The MMN is best-observed in a deviant-standard difference wave. When the deviant is created by making only a small change to the standard (e.g., a 1,000 Hz standard and a 1,050 Hz deviant), the onset of both stimuli should elicit a very similar N1. The subtraction process will remove processes that are common to both the standard and the deviant (e.g., the N1), leaving only processing that is unique to the deviant, the MMN. The standard and deviant do not always elicit identical N1s. A deviant that represents an increase in auditory intensity or is highly novel (a stimulus in which a number of features change) will elicit a larger N1 than the standard. This larger N1 will therefore not be completely removed in the subtraction process. Because the novel deviant stimulus also signals change from the standard, it will also elicit an MMN. Unfortunately, the N1 and the MMN may overlap both temporally and spatially (they occur at similar time and are both maximum in amplitude over fronto-central areas of the scalp), resulting in the summation of the two negativities. What is observed in the deviant-standard difference wave is thus a large negativity representing a composite N1 + MMN, rather than a “pure” MMN. This composite negativity has been labeled as a deviant-related negativity or DRN (Alho et al., 1992; Muller-Gass and Schröger, 2007; Macdonald and Campbell, 2013; Tavakoli and Campbell, 2016). This convention will be used in the present study especially when a deviant is created by possible intensity change.

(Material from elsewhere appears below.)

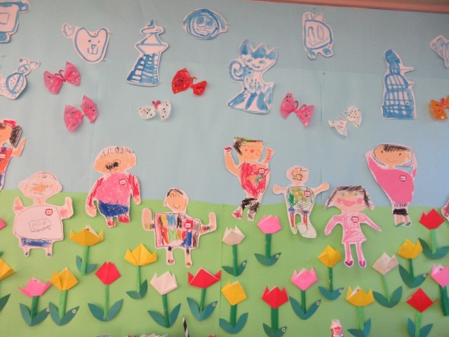 折り紙でチューリップを折ったり、絵の具で雲を描いたりして最後の壁面製作を作りました。

The rarely occurring deviant stimulus might also elicit a later centro-frontal maximum positivity, the P3a, peaking from 200 to 300 ms. While almost any perceptible change will elicit a DRN/MMN, only highly novel deviants will elicit the P3a when the auditory stimuli are to-be-ignored and are irrelevant to the task-at-hand (Polich, 2007). These deviants include environmental sounds and white noise whose frequency spectrum and stimulus energy (e.g., intensity) vary widely from the standard stimulus. It is the P3a that is thought to reflect processes associated with the involuntary switching of attention from the task-at-hand and toward the processing of the unattended acoustic change (Escera et al., 1998; Parmentier, 2014; Wetzel et al., 2013). The switching of attention to the auditory channel and the need for additional processing of the highly novel, salient auditory stimulus may then lead to eventual consciousness of it. Whether the P3a reflects the actual switching of attention (Escera et al., 1998) or processes that may lead to the switching of attention (Wetzel et al., 2013; Parmentier, 2014) remains disputed.

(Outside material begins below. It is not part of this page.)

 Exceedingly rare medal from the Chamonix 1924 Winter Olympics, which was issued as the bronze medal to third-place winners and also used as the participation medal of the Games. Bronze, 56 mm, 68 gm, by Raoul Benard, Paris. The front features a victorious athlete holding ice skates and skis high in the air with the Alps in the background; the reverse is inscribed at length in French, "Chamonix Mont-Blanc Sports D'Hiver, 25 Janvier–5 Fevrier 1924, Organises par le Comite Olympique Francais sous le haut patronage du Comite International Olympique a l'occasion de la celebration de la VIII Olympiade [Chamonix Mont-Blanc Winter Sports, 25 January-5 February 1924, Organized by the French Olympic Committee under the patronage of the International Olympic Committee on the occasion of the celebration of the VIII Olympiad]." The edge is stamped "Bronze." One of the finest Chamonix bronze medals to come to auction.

Several studies have examined how distraction by auditory stimuli resulting in deterioration in performance on a variety of tasks can be prevented by, for example, varying processing task demands (see reviews by Lavie, 2005, 2010). A perceptual task that is very difficult will make more demands on the limited processing resources, leaving few for the co-processing of other irrelevant stimulus input. On the other hand, an easy perceptual task will leave many resources available for the co-processing of these irrelevant inputs. In general, when a perceptual task is relatively easy, distractors will have a larger effect on performance than when the task is particularly difficult. The results are nevertheless dependent on several factors including the nature of the task (perceptual versus working memory) and within-modality versus cross-modality interference (see reviews by Lavie, 2005, 2010).

While there is general agreement that task demands have minimal effects on the MMN, there is some dispute about the extent to which the P3a is modulated by similar task demands. Initial studies of the auditory P3a indicated that it was largely an automatic process and its amplitude did not vary between easy and difficult visual tasks. For example, Muller-Gass et al. (2007) had participants engage in a continuous visual object tracking task which varied in difficulty. An auditory sequence was presented concurrently but it was irrelevant to the visual object tracking task. The continuous nature of the visual task was designed to prevent participants from sampling the auditory sequence, particularly when the task was very difficult. Thus, participants should not have been able to listen to (eavesdrop on) the auditory sequence while also attending the visual task. An auditory deviant created by increasing the intensity of the standard elicited a large P3a, but importantly this P3a was not affected by task demands. Muller-Gass and Schröger (2007) employed a two-stimulus duration detection task, participants being asked to determine the duration of the auditory stimuli. At rare times, a feature of the auditory stimuli was changed but this was irrelevant to the duration discrimination task. This deviant elicited a P3a, whose amplitude did not vary between easy and difficult duration detection conditions. Similarly, Volosin and Horváth (2020) also used an easy and difficult duration discrimination task and observed that task difficulty did not affect the amplitude of the P3a.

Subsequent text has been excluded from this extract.